French government and oil-interests
Commentators also agree that the sale of the “Louvre” as a brand apparently has been decided at top level in the French government and that the directors at Louvre were totally bypassed in the decision process. Accordingly it is expected that the sale will go through in spite of the massive protests currently underway among the French cultural elite. Too many international oil-interests are at stake. Le Monde has somehow gotten hold of the contract that presumably will be signed in the end of January.  According to the contract the French museums involved shall furnish the Arabian museum with four temporary expositions and approximately 300 pieces on permanent loan for ten years. The 300 pieces will be recycled at least every second year. The new museum will be universal and artefacts shall stem from all the collections of the national French Museums. The money is supposedly to go to the French government and only to some extent be used for conservational projects.

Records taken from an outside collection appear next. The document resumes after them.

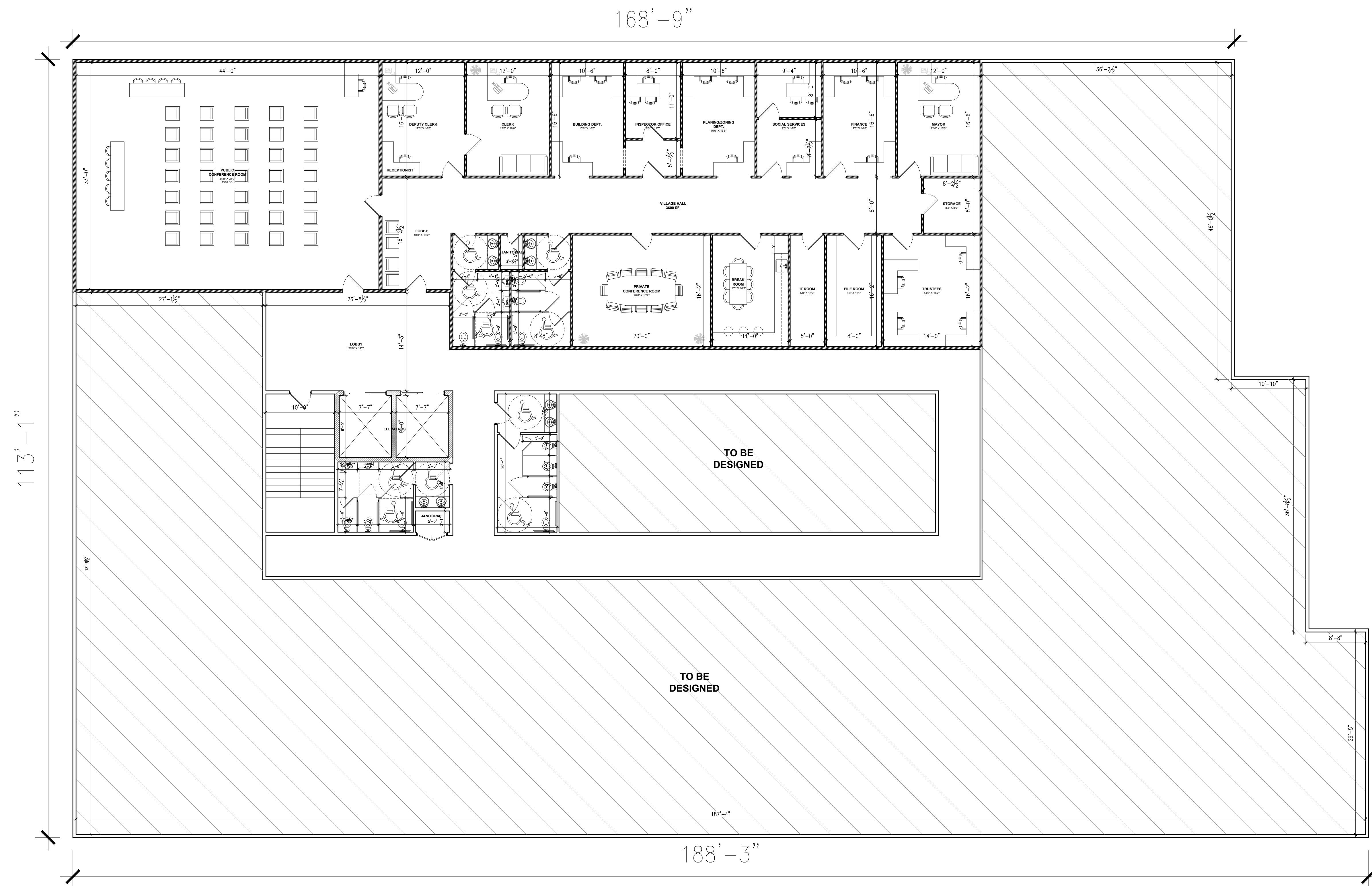
1 FORTH FLOOR PLAN A-102 SCALE: 1/8" = 1'-0"

Project No. ---101 Drawn By: LH Reviewed By: PS Date: JAN. 22, 2025
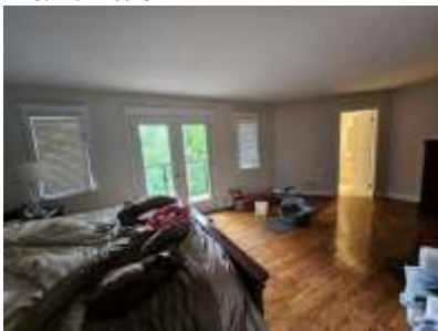
Pic. 10: Primary bedroom
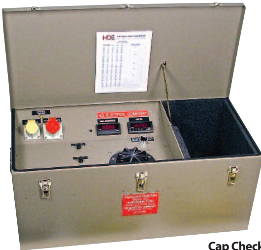
Cap Check II

Who do art collections belong to
The issue is however interesting. Do art collections exclusively belong to the nations where they more or less by chance ended up? Or do they belong to our common human heritage? How do we secure access to them?  Is that done by relocating them to exotic tourist locations characterised in the promotional material as playgrounds for the rich and mighty including berthing for boats, boutique hotels, luxury apartments plus a mediatheque, an oceanarium, a Maritime Museum, a National Museum, a Modern Art Museum and a “Louvre”? Or should one rather disperse the collections in a number of locations throughout the nation?